Title: Fine granularity access in interactive compression of 360-degree images based on rate adaptive channel codes
Authors: N. Mahmoudian-Bidgoli, T. Maugey, A. Roumy
Abstract: In this paper, we propose a new interactive compression scheme for omnidirectional images. This requires two characteristics: efficient compression of data, to lower the storage cost, and random access ability to extract part of the compressed stream requested by the user (for reducing the transmission rate). For efficient compression, data needs to be predicted by a series of references that have been pre-defined and compressed. This contrasts with the spirit of random accessibility. We propose a solution for this problem based on incremental codes implemented by rate adaptive channel codes. This scheme encodes the image while adapting to any user request and leads to an efficient coding that is flexible in extracting data depending on the available information at the decoder. Therefore, only the information that is needed to be displayed at the users side is transmitted during the user’s request as if the request was already known at the encoder. The experimental results demonstrate that our coder obtains better transmission rate than the state-of-the-art tile-based methods at a small cost in storage. Moreover, the transmission rate grows gradually with the size of the request and avoids a staircase effect, which shows the perfect suitability of our coder for interactive transmission.

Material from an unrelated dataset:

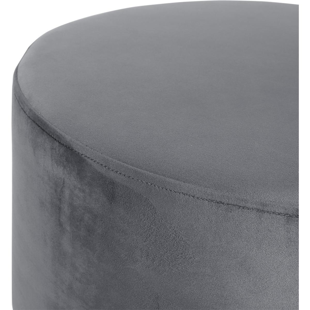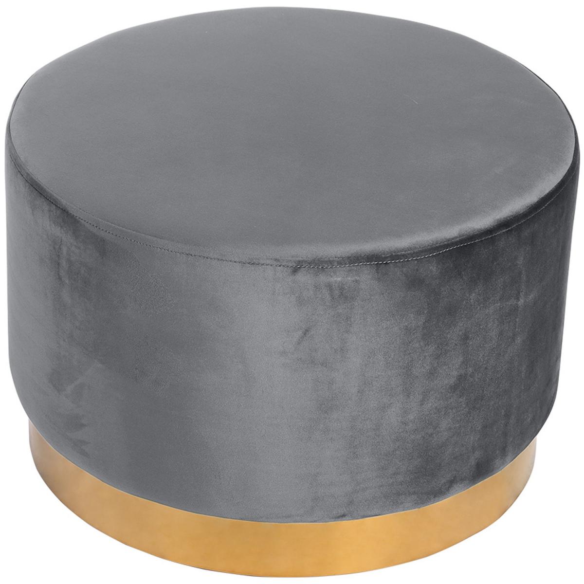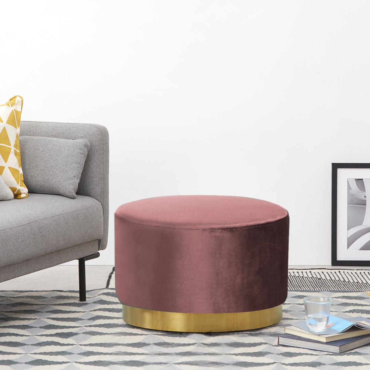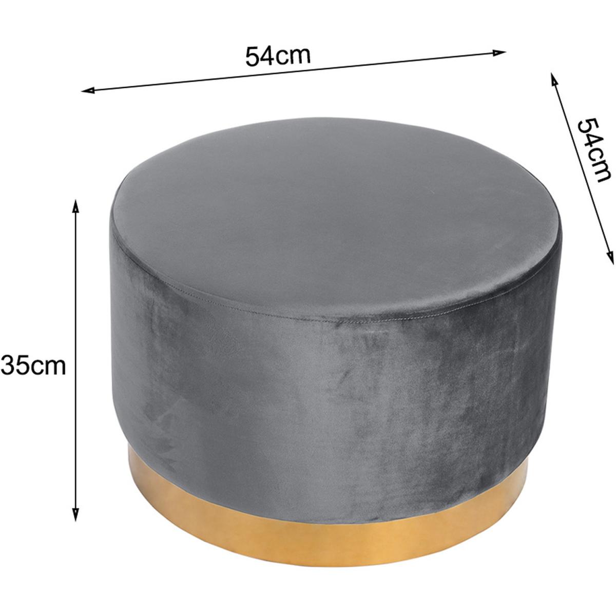The round shaped ottoman is upholstered with a soft touching velvet fabric, padded with high quality foam and an attractive gold finish on the base. The velvet ottoman stool is great for the living room, bedroom, dressing room, office or study. Perfect for use as a footrest stool, side table or as extra seating for guests.

Title: Optimal reference selection for random access in predictive coding schemes
Authors: M. Q. Pham, A. Roumy, T. Maugey, E. Dupraz, M. Kieffer
Abstract: Data acquired over long periods of time like High Definition (HD) videos or records from a sensor over long time intervals, have to be efficiently compressed, to reduce their size. The compression has also to allow efficient access to random parts of the data upon request from the users. Efficient compression is usually achieved with prediction between data points at successive time instants. However, this creates dependencies between the compressed representations, which is contrary to the idea of random access. Prediction methods rely in particular on reference data points, used to predict other data points, and the placement of these references balances compression efficiency and random access. Existing solutions to position the references use ad hoc methods. In this paper, we study this joint problem of compression efficiency and random access. We introduce the storage cost as a measure of the compression efficiency and the transmission cost for the random access ability. We show that the reference placement problem that trades off storage with transmission cost is an integer linear programming problem, that can be solved by standard optimizer. Moreover, we show that the classical periodic placement of the references is optimal, when the encoding costs of each data point are equal and when requests of successive data points are made. In this particular case, a closed form expression of the optimal period is derived. Finally, the optimal proposed placement strategy is compared with an ad hoc method, where the references correspond to sources where the prediction does not help reducing significantly the encoding cost. The optimal proposed algorithm shows a bit saving of -20% with respect to the ad hoc method.